BEGIN

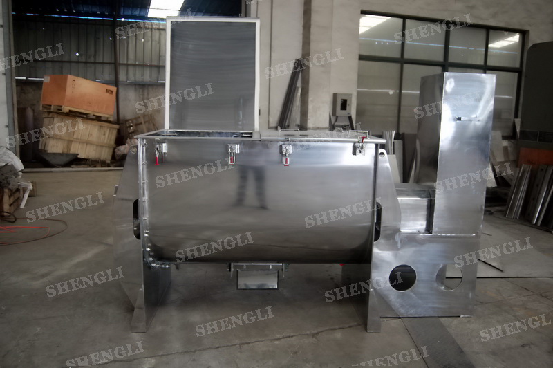 工作原理:螺帶臥式混合機(jī)采用U型筒體,內(nèi)裝平行主軸,主軸上安裝正反雙向的盤條螺帶,不同維度螺帶分內(nèi)螺帶與外螺帶,物料在螺帶的驅(qū)使下反復(fù)參混,能夠快速高效的混合。
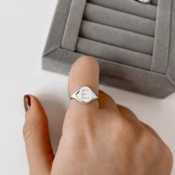 Anel oval letra E cravejada regulável P | Mya Prata
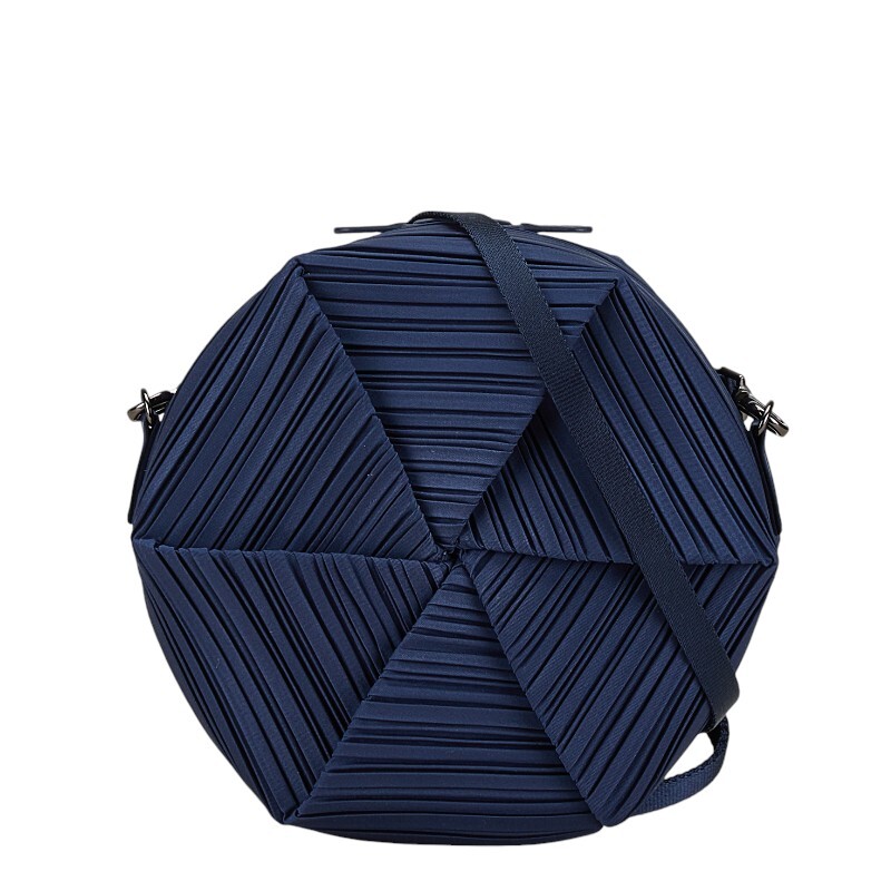 - イッセイミヤケ プリーツプリーズ フローズンフラワー 斜め掛け ショルダーバッグ ネイビー ポリエステル ISSEY MIYAKE 【中古】

END

**Task instructions:**
Leave the pictures out. Output exactly, and only, the lines from the one with "Anel oval letra" through the last line of the listing above, both included.

**Written response:**
 Anel oval letra E cravejada regulável P | Mya Prata
 - イッセイミヤケ プリーツプリーズ フローズンフラワー 斜め掛け ショルダーバッグ ネイビー ポリエステル ISSEY MIYAKE 【中古】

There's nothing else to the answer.